The poem is also connected to the 1918–1919 flu pandemic: In the weeks preceding Yeats's writing of the poem, his pregnant wife Georgie Hyde-Lees caught the virus and was very close to death. The highest death rates of the pandemic were among pregnant women—in some areas, they had up to a 70 percent death rate. While his wife was convalescing, he wrote "The Second Coming".
Influence
Phrases and lines from the poem are used in many works, in a variety of media, such as literature, motion pictures, television and music. Examples of works whose titles draw from "The Second Coming" include:
- Chinua Achebe's novel Things Fall Apart (1958);
- Joan Didion's essay collection Slouching Towards Bethlehem (1968)
- Walker Percy’s novel The Second Coming (1980)
- Peter De Vries' novel Slouching Towards Kalamazoo (1983)
- Robert B. Parker's novel The Widening Gyre (1983)
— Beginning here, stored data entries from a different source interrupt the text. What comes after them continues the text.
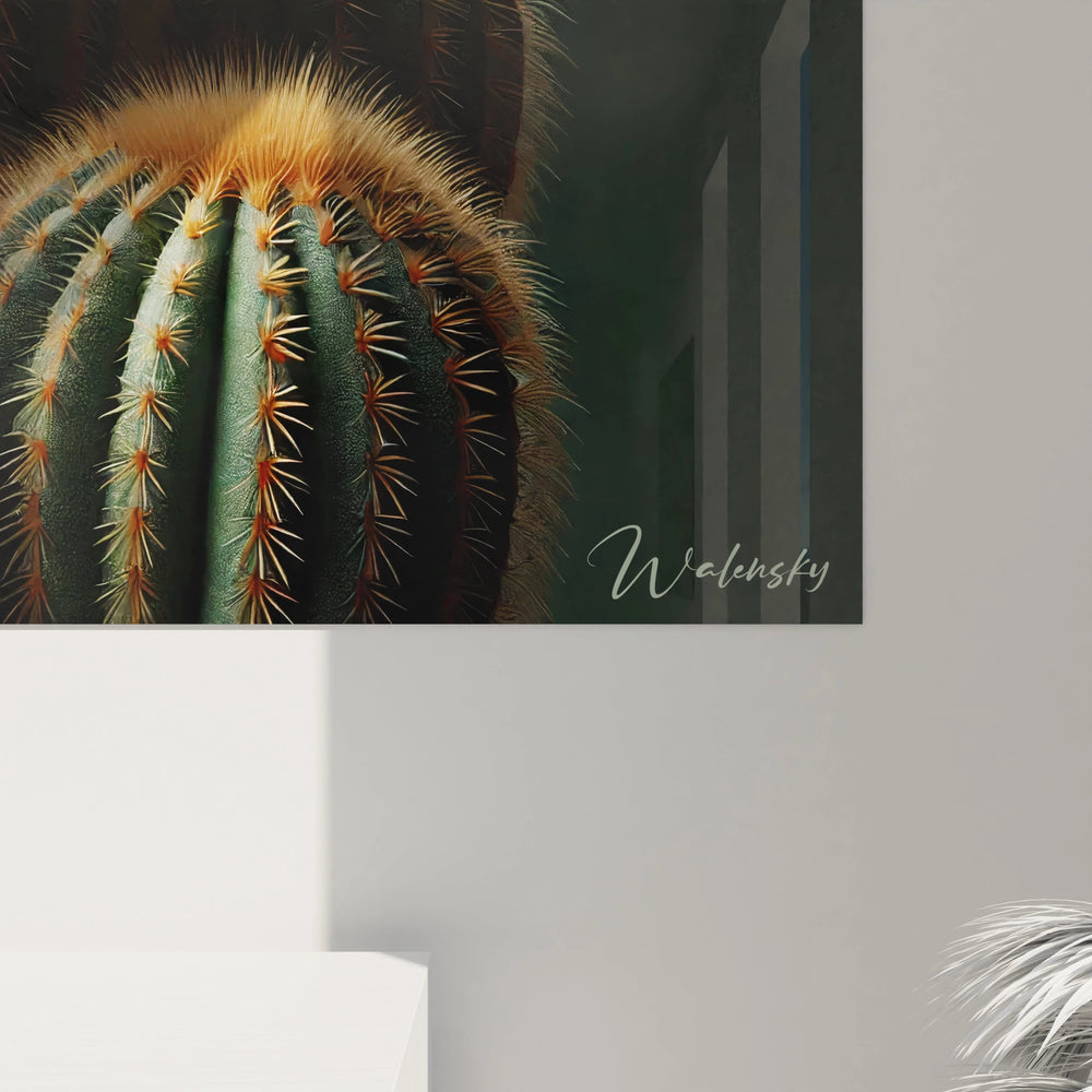Chaque détail de ce tableau vous invite à plonger dans l’univers fascinant de la nature sauvage. Les épines orangées, lumineuses comme un éclat de soleil au cœur de l’aridité, contrastent superbement avec les verts profonds de la plante. Le fond sombre enveloppe le tout d’une aura mystérieuse, mettant en lumière l’équilibre parfait entre robustesse et délicatesse. Lorsque vous contemplez cette création, vous ressentez une invitation à la méditation, une pause apaisante dans le tumulte du quotidien.
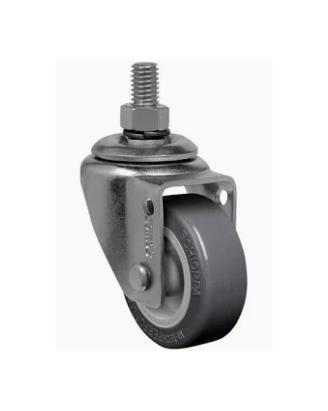 Rodízio giratório com base em chapa de aço zincado,Indicada para pisos em bom estado de conservação. Disponível com e sem freio.
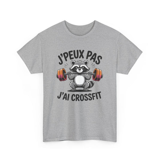 Tee-Shirt J’Peux Pas J’Ai Crossfit – T-shirt Blanc ou Gris Sport – Design Raton Laveur Musclé – Humour Fitness
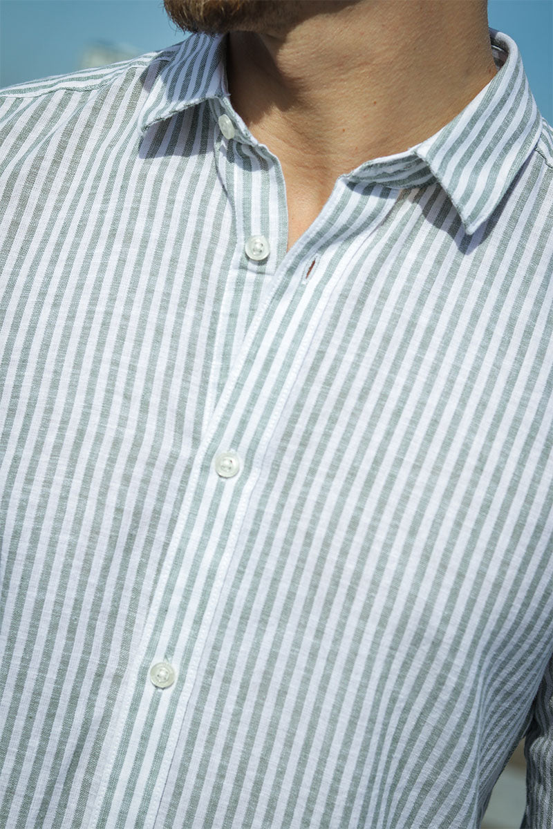 Caiden LS Stripe Linen Shirt Sea Spray
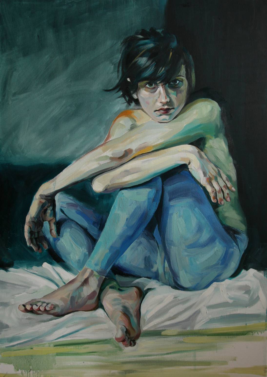 Obraz przedstawia młodą postać, siedzącą z nogami przyciągniętymi do ciała, osadzoną na miękkim, białym tle. Dominująca paleta kolorów oznacza odcienie zieleni, błękitu i pastelowych tonów, które tworzą dream-like wrażenie. Wyraz twarzy osoby – pełen zamyślenia i niepokoju – przyciąga wzrok i zachęca do refleksji. Pędzle artysty poruszają się dynamicznie, nadając postaci fakturę i trójwymiarowość. Technika jest malarsko malarska, z dużą ilością warstw, co dodaje głębi kompozycji. Atmosfera obrazu jest melancholijna, pełna nieuchwytnej tęsknoty. Patrząc na te oczy, można poczuć się, jakbyśmy zaglądali w zakamarki własnych myśli. Kompozycja jest przemyślana, a sposób ułożenia nóg i rąk sugeruje wewnętrzne napięcie, jakby ukryty strach lub niepewność. Stylistycznie artysta łączy realizm z subtelnym surrealizmem, co sprawia, że obraz trudno oderwać od niego wzrok. Dziecko mogłoby powiedzieć: "Ten pan wygląda smutno, tak jak wtedy, gdy nie ma się przyjaciół do zabawy". Opis ten pobudza emocje, zmuszając do myślenia o samotności i potrzebie bliskości. Czy odnajdujemy w tym obrazie swoje własne zagubione chwile? Daje też do myślenia nad kruchością ludzkiej egzystencji — what does it mean to be alone? Ostatecznie, w tym dziele tkwi nieodparty urok, który zarówno przyciąga, jak i intryguje.
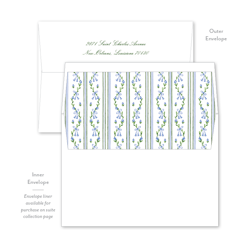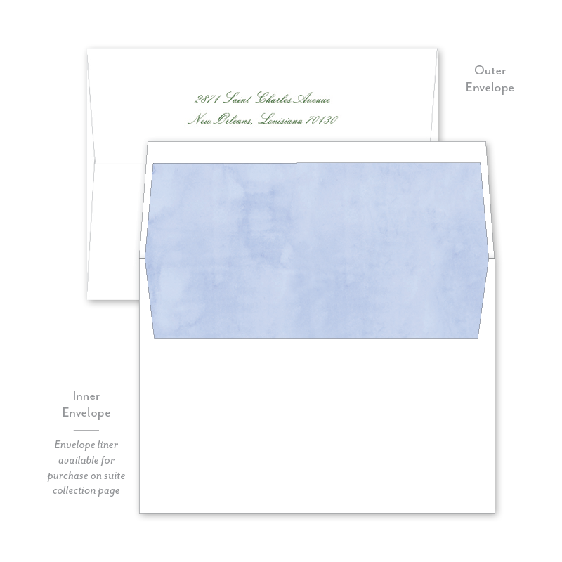 Each invitation comes with an inner and outer envelope and return address printing on the outer envelope flap.  Envelope liner may be purchased for an additional cost on the main collection page.

- The 1996 non-fiction book Slouching Towards Gomorrah: Modern Liberalism and American Decline by Robert Bork
- The song "Slouching Towards Bethlehem" (which quotes or paraphrases almost all of the poem) by Joni Mitchell from her 1991 album Night Ride Home
- Lou Reed in his preamble to the song "Sweet Jane" on the 1978 album Live: Take No Prisoners
- Elyn Saks' memoir The Center Cannot Hold: My Journey Through Madness (2007)
- The episode "Revelations" (9 November 1994) of the science fiction television series Babylon 5.
- Stephen King's novel The Stand references the poem numerous times, with one character explicitly quoting lines from it.
- Junkie XL's soundtrack to Zack Snyder's Justice League features a song titled "The Center Will Not Hold, Twenty Centuries Of Stony Sleep", referencing the "second coming" of Superman after his death in the film's prequel, Batman v Superman: Dawn of Justice, and his subsequent resurrection in this film.
- Gordon Gekko in Wall Street (1987) says, "So the falcon's heard the falconer, huh?"
- Good Omens (1990) parodies the poem, "slouching hopefully towards Tadfield".